**WHAT THIS TASK INVOLVES:** If a record holds a picture, leave the picture out and restate everything else word for word.

####

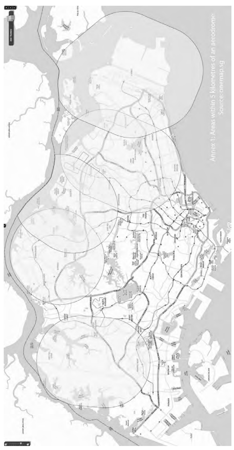
© 2017 Contributor(s) and Singapore Academy of Law. No part of this document may be reproduced without permission from the copyright holders.
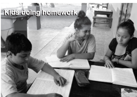
Kids doing homework
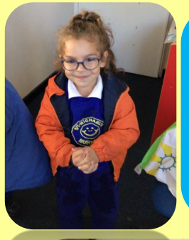
We have enjoyed meeting and playing with new friends, especially in our new home corner. We enjoyed playing with our small -world people and trains and tracks, developing our imagination and making up different games.
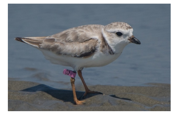
Piping Plover, North Beach

The north end of Seabrook Island beach is designated by US Fish & Wildlife as a Critical Habitat, essential to bird species that need special protection. Piping Plovers, an "Endangered" species, migrate here in winter. Our "Threatened" species are migrating Red Knots. and nesting Wilson's Plovers & Least Terns
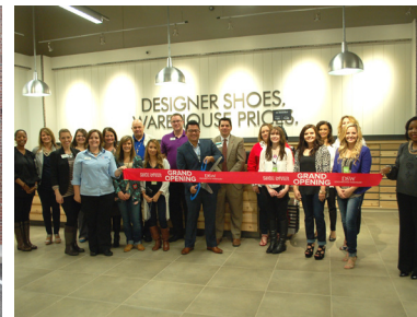
DSW SHOE WAREHOUSE 2203 Promenade Blvd., Ste. 20430, Rogers
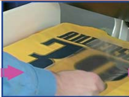
5. Carefully remove the release sheet to reveal a bright and durable finished product.
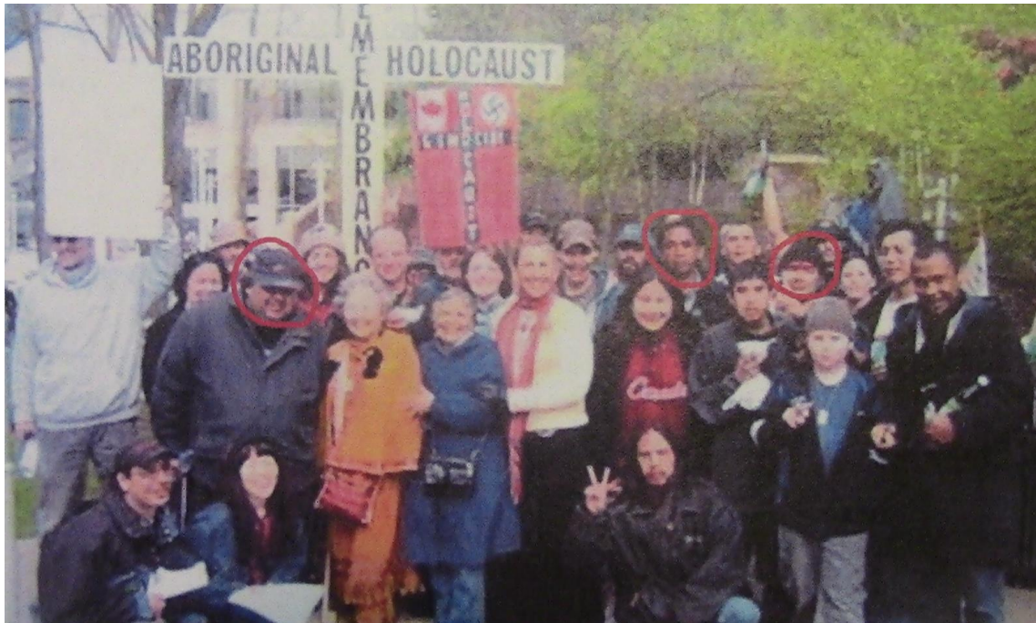
The first Aboriginal Holocaust Remembrance Day, April 15, 2005, Vancouver

Murdered eyewitnesses to genocide are (left to right, circled in red)
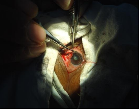
Fig 6: Preparation of implant
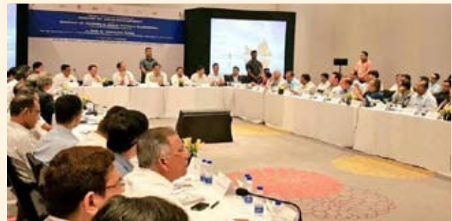
NE States review held in Guwahati on 18 April 2017

States remaining to be reviewed are: Andhra Pradesh, Himachal Pradesh, Jammu and Kashmir, Odisha, Punjab, Telangana and West Bengal and UTs to be reviewed are – Delhi, Puducherry, Andaman & Nicobar Islands, Chandigarh, Dadra and Nager Haveli and Daman & Diu.
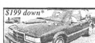
$199 down* Dynasty, auto, all power, AC
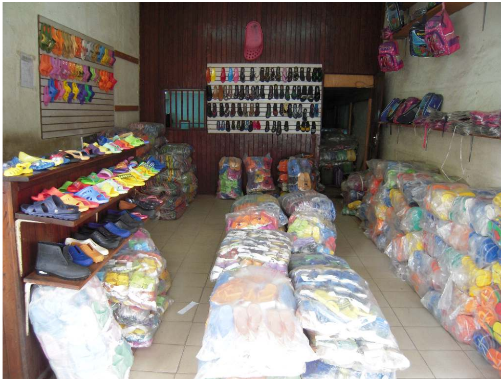
Figure 2. Specialized wholesale shop in an ancient building by the side of the President Ahidjo Boulevard
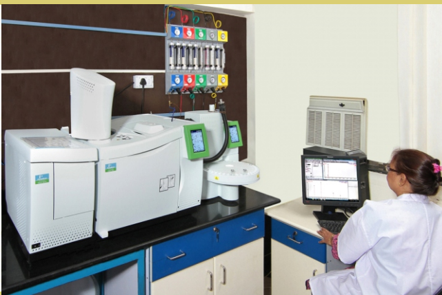
Gas chromatograph mass spectrophotometer
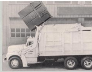
Complete loading cycle is less than one-minute per container . . . from start to finish. Full side loading doors are on both sides of the body for hand loading loose materials not in containers. The Load-A-Matic handles the smallest container to the largest . . . with equal efficiency and speed.
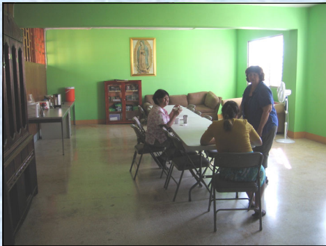
New visitor quarters at Jesus, Redeemer Center
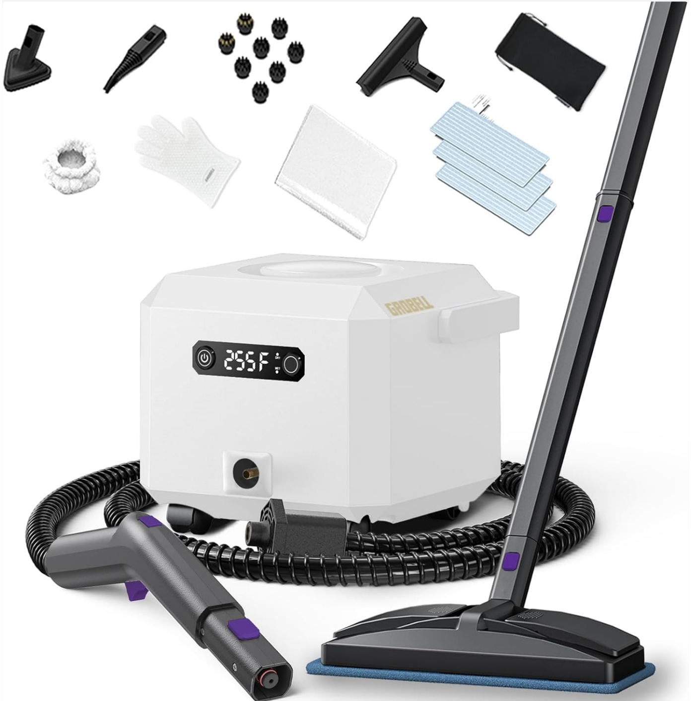
Image: Main unit and accessories.

Familiarize yourself with the main components of your GROBELL Steam Cleaner.
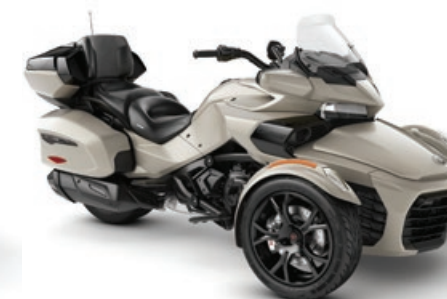
LIQUID TITANIUM* DARK EDITION

####

**RESPONSE FOR THIS EXERCISE:**
© 2017 Contributor(s) and Singapore Academy of Law. No part of this document may be reproduced without permission from the copyright holders.
Kids doing homework
We have enjoyed meeting and playing with new friends, especially in our new home corner. We enjoyed playing with our small -world people and trains and tracks, developing our imagination and making up different games.
Piping Plover, North Beach

The north end of Seabrook Island beach is designated by US Fish & Wildlife as a Critical Habitat, essential to bird species that need special protection. Piping Plovers, an "Endangered" species, migrate here in winter. Our "Threatened" species are migrating Red Knots. and nesting Wilson's Plovers & Least Terns
DSW SHOE WAREHOUSE 2203 Promenade Blvd., Ste. 20430, Rogers
5. Carefully remove the release sheet to reveal a bright and durable finished product.
The first Aboriginal Holocaust Remembrance Day, April 15, 2005, Vancouver

Murdered eyewitnesses to genocide are (left to right, circled in red)
Fig 6: Preparation of implant
NE States review held in Guwahati on 18 April 2017

States remaining to be reviewed are: Andhra Pradesh, Himachal Pradesh, Jammu and Kashmir, Odisha, Punjab, Telangana and West Bengal and UTs to be reviewed are – Delhi, Puducherry, Andaman & Nicobar Islands, Chandigarh, Dadra and Nager Haveli and Daman & Diu.
$199 down* Dynasty, auto, all power, AC
Figure 2. Specialized wholesale shop in an ancient building by the side of the President Ahidjo Boulevard
Gas chromatograph mass spectrophotometer
Complete loading cycle is less than one-minute per container . . . from start to finish. Full side loading doors are on both sides of the body for hand loading loose materials not in containers. The Load-A-Matic handles the smallest container to the largest . . . with equal efficiency and speed.
New visitor quarters at Jesus, Redeemer Center
Image: Main unit and accessories.

Familiarize yourself with the main components of your GROBELL Steam Cleaner.
LIQUID TITANIUM* DARK EDITION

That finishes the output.